▶ _Work task_:
Filter the entries below, keeping only lines with "between".
─── Information provided
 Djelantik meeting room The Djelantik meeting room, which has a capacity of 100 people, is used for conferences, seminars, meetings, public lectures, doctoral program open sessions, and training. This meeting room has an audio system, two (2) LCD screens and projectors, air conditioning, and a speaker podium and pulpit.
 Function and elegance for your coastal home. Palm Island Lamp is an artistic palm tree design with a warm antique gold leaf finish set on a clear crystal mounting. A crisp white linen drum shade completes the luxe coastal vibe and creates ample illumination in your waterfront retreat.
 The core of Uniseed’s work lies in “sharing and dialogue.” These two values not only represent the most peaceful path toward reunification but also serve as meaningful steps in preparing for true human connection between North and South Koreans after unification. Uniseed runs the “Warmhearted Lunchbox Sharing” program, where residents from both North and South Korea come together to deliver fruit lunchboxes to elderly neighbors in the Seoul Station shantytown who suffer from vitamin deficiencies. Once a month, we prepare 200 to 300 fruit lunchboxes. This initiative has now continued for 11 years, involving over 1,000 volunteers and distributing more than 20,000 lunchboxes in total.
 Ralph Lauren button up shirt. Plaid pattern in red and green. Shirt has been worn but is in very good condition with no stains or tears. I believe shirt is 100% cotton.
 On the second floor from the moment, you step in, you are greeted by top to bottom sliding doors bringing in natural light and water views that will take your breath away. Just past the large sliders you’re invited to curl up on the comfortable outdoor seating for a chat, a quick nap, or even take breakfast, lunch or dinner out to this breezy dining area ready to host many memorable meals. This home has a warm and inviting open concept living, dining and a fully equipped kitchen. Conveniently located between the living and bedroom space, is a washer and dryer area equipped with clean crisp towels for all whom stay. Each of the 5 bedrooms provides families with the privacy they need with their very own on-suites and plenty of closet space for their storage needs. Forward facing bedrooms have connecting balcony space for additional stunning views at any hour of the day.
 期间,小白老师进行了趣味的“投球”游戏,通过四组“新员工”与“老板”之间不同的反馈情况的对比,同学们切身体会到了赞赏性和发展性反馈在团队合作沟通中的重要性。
──────
▶ _Written answer_:
 The core of Uniseed’s work lies in “sharing and dialogue.” These two values not only represent the most peaceful path toward reunification but also serve as meaningful steps in preparing for true human connection between North and South Koreans after unification. Uniseed runs the “Warmhearted Lunchbox Sharing” program, where residents from both North and South Korea come together to deliver fruit lunchboxes to elderly neighbors in the Seoul Station shantytown who suffer from vitamin deficiencies. Once a month, we prepare 200 to 300 fruit lunchboxes. This initiative has now continued for 11 years, involving over 1,000 volunteers and distributing more than 20,000 lunchboxes in total.
 On the second floor from the moment, you step in, you are greeted by top to bottom sliding doors bringing in natural light and water views that will take your breath away. Just past the large sliders you’re invited to curl up on the comfortable outdoor seating for a chat, a quick nap, or even take breakfast, lunch or dinner out to this breezy dining area ready to host many memorable meals. This home has a warm and inviting open concept living, dining and a fully equipped kitchen. Conveniently located between the living and bedroom space, is a washer and dryer area equipped with clean crisp towels for all whom stay. Each of the 5 bedrooms provides families with the privacy they need with their very own on-suites and plenty of closet space for their storage needs. Forward facing bedrooms have connecting balcony space for additional stunning views at any hour of the day.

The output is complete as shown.